1. Field of the Invention

The present invention relates to methods for designing the sole shape of golf club irons, and systems for the same.

2. Description of Related Art

There are many parameters to the shape of a golf club head. Club heads generally include a face portion, a top line portion (in iron heads; wood heads have a crown portion), a side portion, a sole portion, and a toe portion, and are joined to a shaft. A golf club's performance changes based not only on the size of those portions, but also on the lie angle between the shaft and the ground when looking at the club head from the face side, the loft angle between the shaft axis and the face surface when looking at the club head from the toe side, the face angle of the face surface with respect to the shaft axis when looking at the club head from above, and the relationship between the largest deflection position of the face surface and the position of the center of gravity of the head unit itself that is projected onto the face surface. The material of the club head and the shaft design also have an impact on club performance.

In the case of an iron, its sole portion forcefully strikes the ground. The shape of the sole is also a crucial element in minimizing head shake without reducing head speed. As shown in FIG. 6, the shape of the sole may be bounce, scoop, round, or flat, and each of these shapes is designed to fit the function that is expected of that club, such as making balls easier to hit up, improving the swing-though release, and increasing head stability during impact. The sole portion also may be provided with a groove or some other types of patterns. When the shaft axis is positioned vertical to the ground, viewed from the toe side, the sole surface opens up toward the front of the club in the bounce sole and toward the rear in the scoop sole. The overall shape of the bounce sole or the scoop sole is defined by the bounce angle (a) or the scoop angle (b) between the ground and the sole surface respectively. Round soles have a curved sole surface and cannot be defined by the bounce or scoop angle. Flat soles are designed so that their sole surface is parallel to the ground, and have bounce and scoop angles of 0°. Other important parameters include the weight distribution within the iron head, the width of the sole surface, and, in the case of round soles, the radius of curvature of the sole surface.

There are thus many types of sole shapes, and in designing those shapes there is a need to more quantitatively evaluate the effects of the sole shape. Further, each person has their own unique golf swing. Although a sole design that matches the characteristics of a player's golf swing is preferable, the choice of solve designs is currently made based on instinct. If it is possible to systematically arrive at the shape or parameter values of an ideal sole, then sets of irons that include different sole shapes may be provided for different players.
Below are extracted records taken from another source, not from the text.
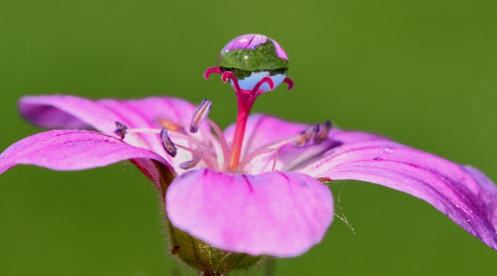 (Категогория: Радуга жизни) Автор: Натали Раннее утро, когда роса всюду сверкает на траве и цветах - моё любимое время. Ползая с лупой среди цветов и травы я стараюсь найти то, что не видно сверху невооруженному глазу. И всё вокруг предстаёт в новом качестве. И капелька на пестике герани кажется целым миром.
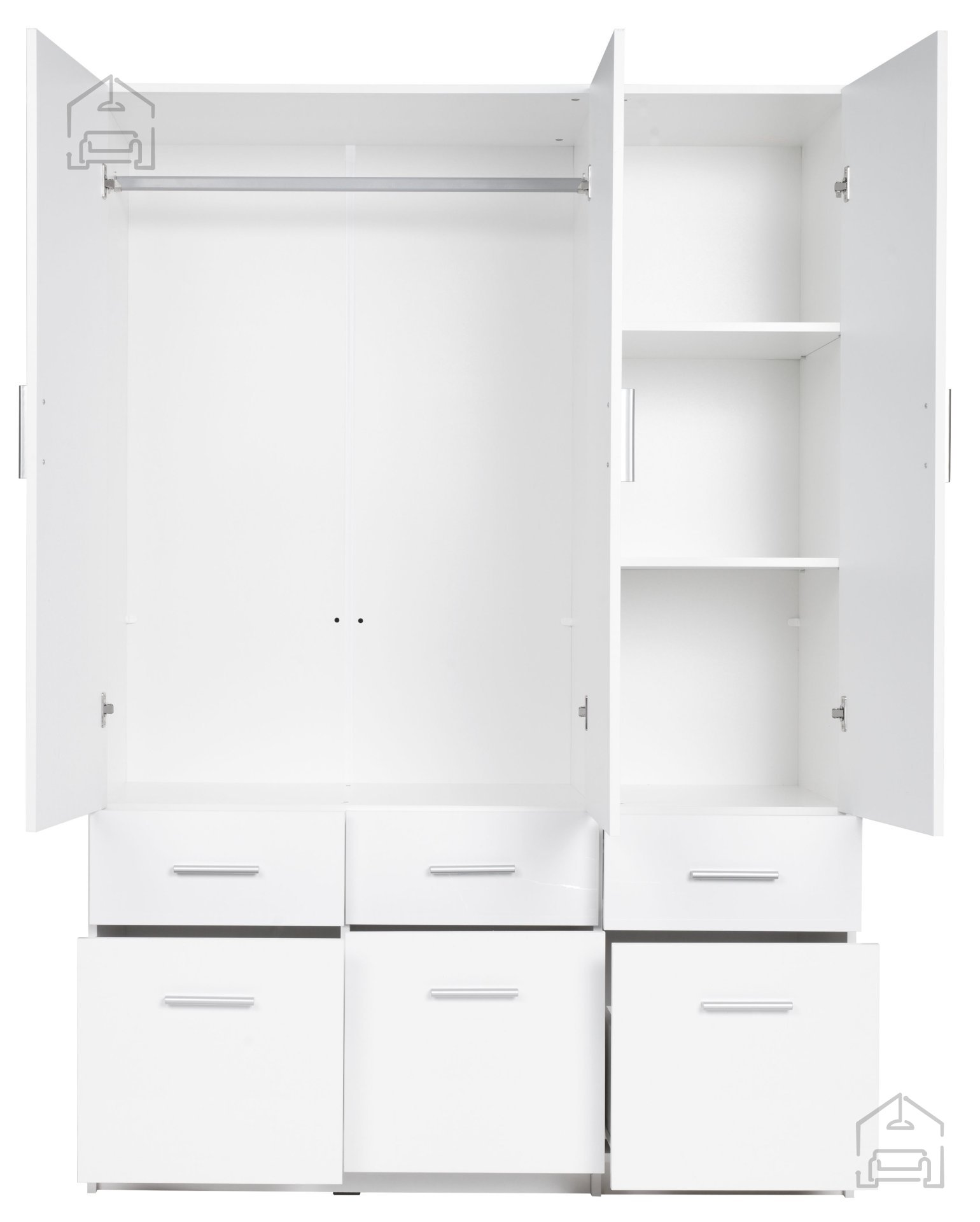 Der elegante und geräumige Kleiderschrank ist die perfekte Lösung für alle, die sich ein ordentliches und übersichtliches Schlafzimmer, Vorzimmer oder Ankleidezimmer wünschen. Mit seinem modernen Design in klassischem Weiß fügt er sich problemlos in verschiedene Einrichtungsstile ein und verleiht dem Raum zugleich ein Gefühl von Frische und Leichtigkeit. Die Kombination aus drei Türen und praktischen Schubladen ermöglicht eine optimale Organisation von Kleidung, Schuhen und Accessoires, sodass jedes Teil stets an seinem Platz ist.
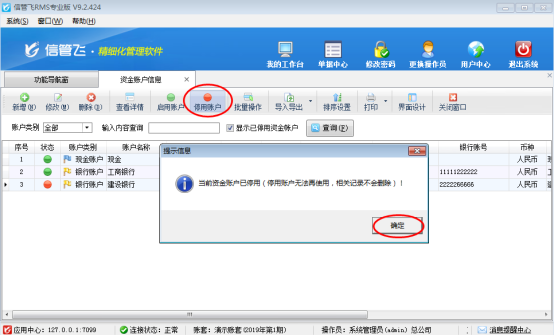 信管飛RMS標準版和專業版含有出納管理模塊,可以維護多個資金賬戶(現金賬戶與銀行賬戶),可以清清楚楚記錄每個賬戶的日常流水賬,實際業務需求中可能會出現資金賬戶變動,需要停用之前賬戶及設置在出納日記賬中不顯示此賬戶,下面我們以信管飛RMS專業版為例介紹一下如何停用資金賬戶并將已停用的資金賬戶設置為不顯示?
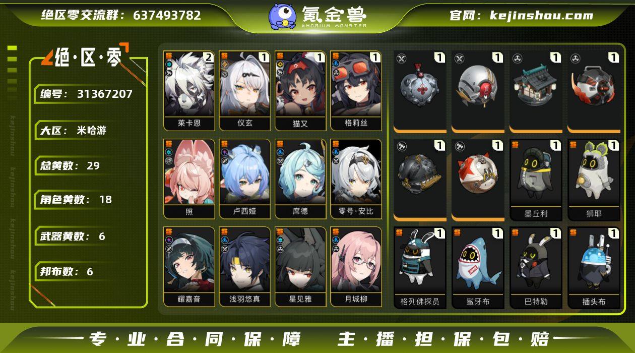 冒险等级:59 总黄数:29 五星角色数:18 菲林底片数量:67 菲林数量:280 加密母带数量:5 2命莱卡恩,1命仪玄,1命猫又,1命格莉丝,0命照,0命卢西娅,0命席德,0命零号·安比,0命耀嘉音,0命浅羽悠真,0命星见雅,0命月城柳,0命柏妮思·怀特,0命简,0命艾莲,0命丽娜,0命「11号」,0命珂蕾妲 6命波可娜,6命赛斯,6命露西,6命苍角,6命派派,6命比利,6命本,6命安比,6命妮可,6命安东,6命可琳,1命潘引壶,0命真斗 1精机巧心种,1精牺牲洁纯,1精霰落星殿,1精嵌合编译器,1精拘缚者,1精燃狱齿轮 1精墨丘利,1精狮耶,1精格列佛探员,1精鲨牙布,1精巴特勒,1精插头布 白心旧影,从周一到周五,狡黠甜心,墨形影踪,晴澜双迹套装,水晶灯下,漪光夜曲 卖家说:师傅一命,主c全毕业面板,好感度全满
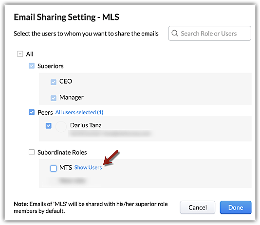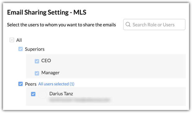 - Dans la page Email Sharing Setting (Paramètres de partage d'e-mails), sélectionnez Roles (rôles), Peers (pairs) ou Subordin
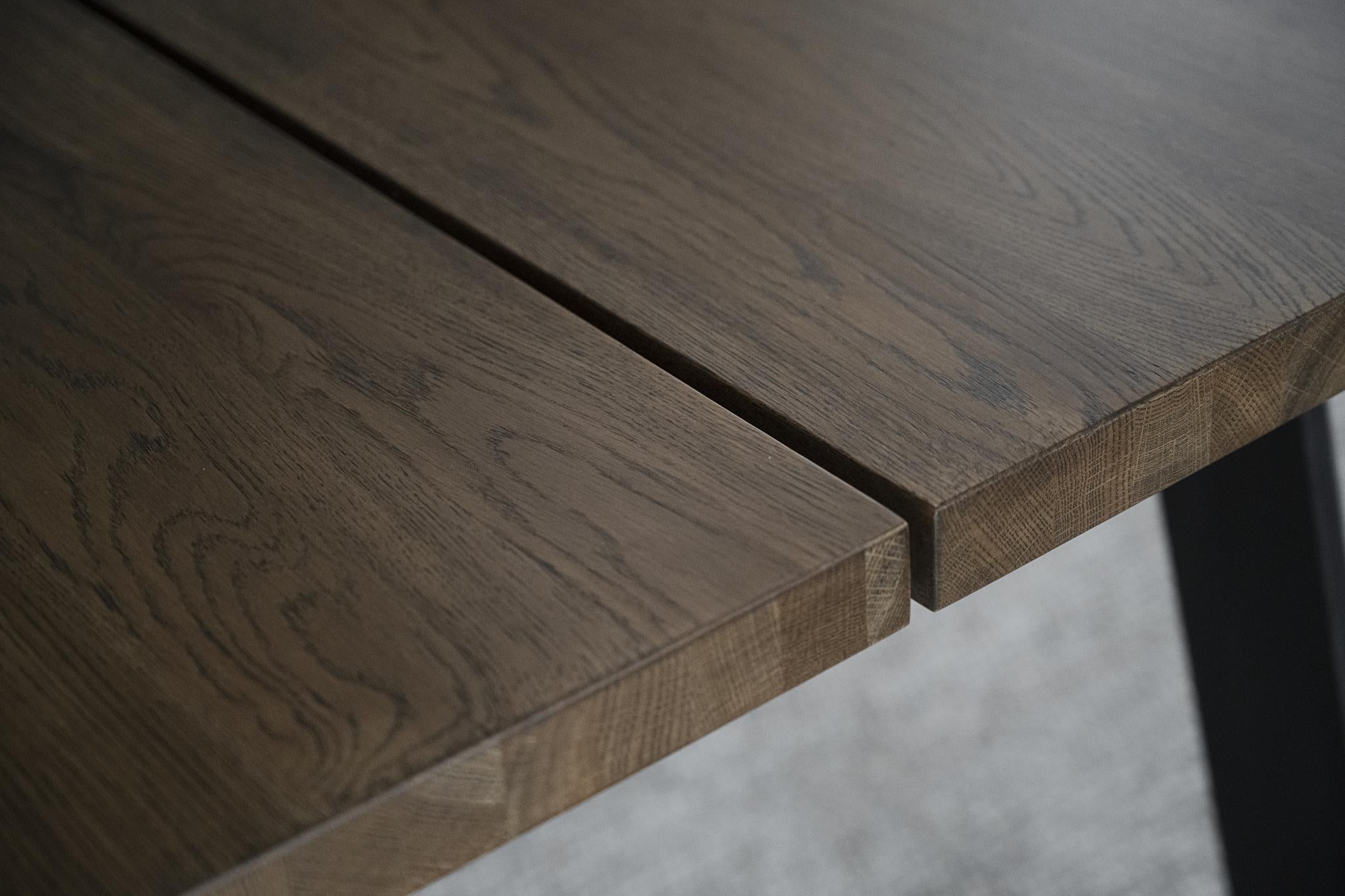 • Närbildsdetalj av bordsplatta i ek med svarta metallben, visar trästruktur och hantverk

It should be noted that the method presented in JP 2005-6763A is known as one method for creating prototype golf club heads and then evaluating those heads.

SUMMARY OF THE INVENTION

It is an object of the invention to provide a systematic method for determining a sole shape, and a system for implementing that method.

The invention provides a method of designing an iron sole shape that includes a step of setting different parameter values relating to a sole shape while keeping parameters other than those of the sole shape constant, a step of preparing an iron club having the parameter values that have been set, a step of a tester using the iron club that has been prepared to hit a ball, a step of measuring a path of the club head using a camera, a step of obtaining data on a position and a velocity of the club head based on the results of the measurement step, and a step of determining whether or not the parameter values that have been set are favorable based on the data that have been obtained.

This method of the invention can be further provided with a step of a computation means statically processing the data to determine whether the parameter values that have been set are favorable. It is also preferable that the method is further provided with a step of assessing the “release” of the individual sole shapes. It is preferable that the evaluation of “release” is done by obtaining feedback from testers after each shot, and considering at least the velocity of the club head.

The method of the invention preferably also includes a step of measuring an initial velocity and a direction of the ball hit by the tester, and a step of determining whether or not the parameter values relating to the sole shape are favorable based on variations in the measured initial velocity or the direction, or both.

It should be noted that the invention incorporates iron clubs and iron club sets designed according to the method of the invention set forth above, Iron clubs normally are sold in a set of six to ten clubs. Normally, iron clubs include clubs from number 3 to number 9 for hitting the ball for different distances, and a pitching wedge (PW), an approach wedge (AW), and a sand wedge (SW), which are called “wedges.”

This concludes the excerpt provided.